Nur 16 Wochen nach der Gründung meldet xchannels.ai internationalen Erfolg bei der Kundengewinnung. Das von Ashley Zvaniashvili und Isabell Claus geführte Unternehmen mit Sitz in Wien baut eine KI-gestützte Plattform zur automatisierten Erstellung und Distribution von Marketing-Content über Social Media, Presseportale und Webseiten hinweg. Das Ziel: Marken auch in KI-Suchsystemen wie ChatGPT und Perplexity sichtbar zu machen.

Acht Länder, 50 Kund:innen

Seit der Gründung im April 2026 hat das Marketing-Startup sein Angebot auf acht Länder ausgerollt: Deutschland, Österreich, der Schweiz, Luxemburg, Irland, Frankreich, Rumänien und Ungarn. Laut Mitgründerin Isabell Claus nutzen mittlerweile rund 50 Unternehmen die Plattform, von größeren Organisationen bis hin zu Startups sei alles dabei.

Ein Großkunde als Ausgangspunkt

Den Ausgangspunkt der internationalen Präsenz bildet laut Claus ein einzelner Großkunde: „Wir haben ursprünglich mal angefangen mit einem Unternehmen, das in 34 Ländermärkten aktiv ist, und davon haben wir sukzessive einige schon übernommen“, so Claus im Gespräch mit brutkasten. Weitere Standorte dieses Kunden sollen demnach folgen.

Weil xchannels.ai dadurch von Beginn an mit unterschiedlichen Sprachen und kulturellen Besonderheiten arbeiten musste, sei die Erschließung weiterer Märkte in der Folge leichter gefallen, erklärt die Gründerin.

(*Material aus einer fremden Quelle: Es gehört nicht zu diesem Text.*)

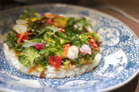 シメご飯 , 食べ歩き ,★やさいめし おばあちゃんが作ってくれ田、思い出の料理とその頃よく飲んでいた、ほうじ茶 本来は餅米とうるち米を合わせたご飯の上に根菜炒めたもの。 椎茸戻し汁と……

Wachstum über Partnerschaften

Für weiteres Wachstum setzt das Gründerinnenteam laut Claus zunehmend auf Partnerschaften statt auf Einzelakquise. Ein Beispiel ist die Kooperation mit der Deutschen Telekom, über die brutkasten bereits berichtete. „Wir wollen mit Partnern schneller wachsen, als jedes einzelne Unternehmen direkt bei uns anzubinden und zu gewinnen“, meint Claus. Über Partner sollen sich künftig größere Kundengruppen aus einer Region gleichzeitig erschließen lassen.

Standorte in London und New York geplant

Aktuell beschäftigt das Startup laut eigenen Angaben acht Vollzeitmitarbeitende, verteilt auf Wien und Berlin. Die Aufgaben sind zwischen den Gründerinnen geteilt: Mitgründerin Ashley Zvaniashvili leitet die technischen Themen und die App-Entwicklung, Claus selbst kümmert sich um Business-Development, große Partnerschaften und die internationale Expansion.

Wie diese Expansion aussehen soll, ist bereits klar skizziert: Die für London und New York angekündigten Standorte sollen laut Claus reale Büros werden, keine rein virtuelle Präsenz: „Wir waren jetzt recht oft in London, und das ist schon nochmal ein anderes Klima – da geht es darum, die Netzwerke vor Ort zu stärken“, erklärt sie. In den Städten sollen dafür in erster Linie Relations- und Partnership-Positionen entstehen, während der Kern des Unternehmens in Wien bleibt.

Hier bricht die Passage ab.